Alice and Bob alternate turns. Alice can remove an 'A' whose both neighbors are 'A'; Bob does the same with 'B'. Alice moves first; the loser is the first one unable to move. Return true if Alice wins.

Inputcolors = "AAABABB"

Outputtrue

Alice has 1 AAA center, Bob has 0 BBB centers — Alice wins.

colors (A/B string)

def winner_of_game(colors):
    a = b = 0
    for i in range(1, len(colors) - 1):
        if colors[i - 1] == colors[i] == colors[i + 1]:
            if colors[i] == 'A':
                a += 1
            else:
                b += 1
    return a > b

function winnerOfGame(colors) {
  let a = 0, b = 0;
  for (let i = 1; i < colors.length - 1; i++) {
    if (colors[i - 1] === colors[i] && colors[i] === colors[i + 1]) {
      if (colors[i] === 'A') a++;
      else b++;
    }
  }
  return a > b;
}

class Solution {
    public boolean winnerOfGame(String colors) {
        int a = 0, b = 0;
        for (int i = 1; i < colors.length() - 1; i++) {
            if (colors.charAt(i - 1) == colors.charAt(i) && colors.charAt(i) == colors.charAt(i + 1)) {
                if (colors.charAt(i) == 'A') a++;
                else b++;
            }
        }
        return a > b;
    }
}

bool winnerOfGame(string colors) {
    int a = 0, b = 0;
    for (int i = 1; i + 1 < (int)colors.size(); i++) {
        if (colors[i-1] == colors[i] && colors[i] == colors[i+1]) {
            if (colors[i] == 'A') a++;
            else b++;
        }
    }
    return a > b;
}

Explanation

The whole game collapses to simple counting once you notice that a player's moves don't interfere with the opponent's. Alice can only remove an A that sits between two other As (an AAA center), and doing so never creates or destroys any BBB center for Bob, and vice versa.
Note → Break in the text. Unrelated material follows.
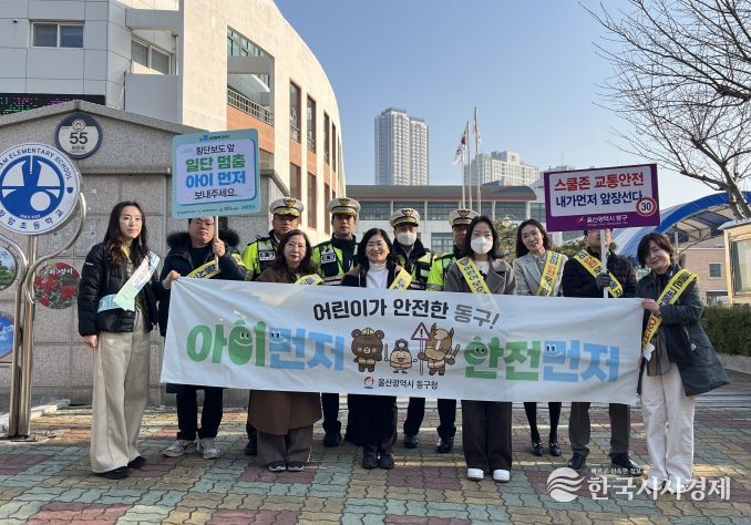 한국시사경제 울산취재본부 | 울산 동구는 3월 10일 화암초등학교 및 문현초등학교 일원에서 어린이들의 안전한 보행환경 조성을 위한 교통지도와 함께 ‘아이 먼저’ 교통 안전 캠페인‘을 했다.

That means the number of moves each player ever gets is fixed from the start. Alice's total moves equal the count of AAA centers, and Bob's equal the count of BBB centers.

So we slide a 3-wide window across the string. For each middle position i we check if colors[i-1], colors[i], and colors[i+1] are all the same; if so we add 1 to a (for A) or b (for B).

Since the players alternate and Alice goes first, Alice wins exactly when she has strictly more moves: a > b.

Example: colors = "AAABABB". There is one AAA center (at index 1) and no BBB center, so a = 1, b = 0, and 1 > 0 → Alice wins (true).

Time: O(n) Space: O(1)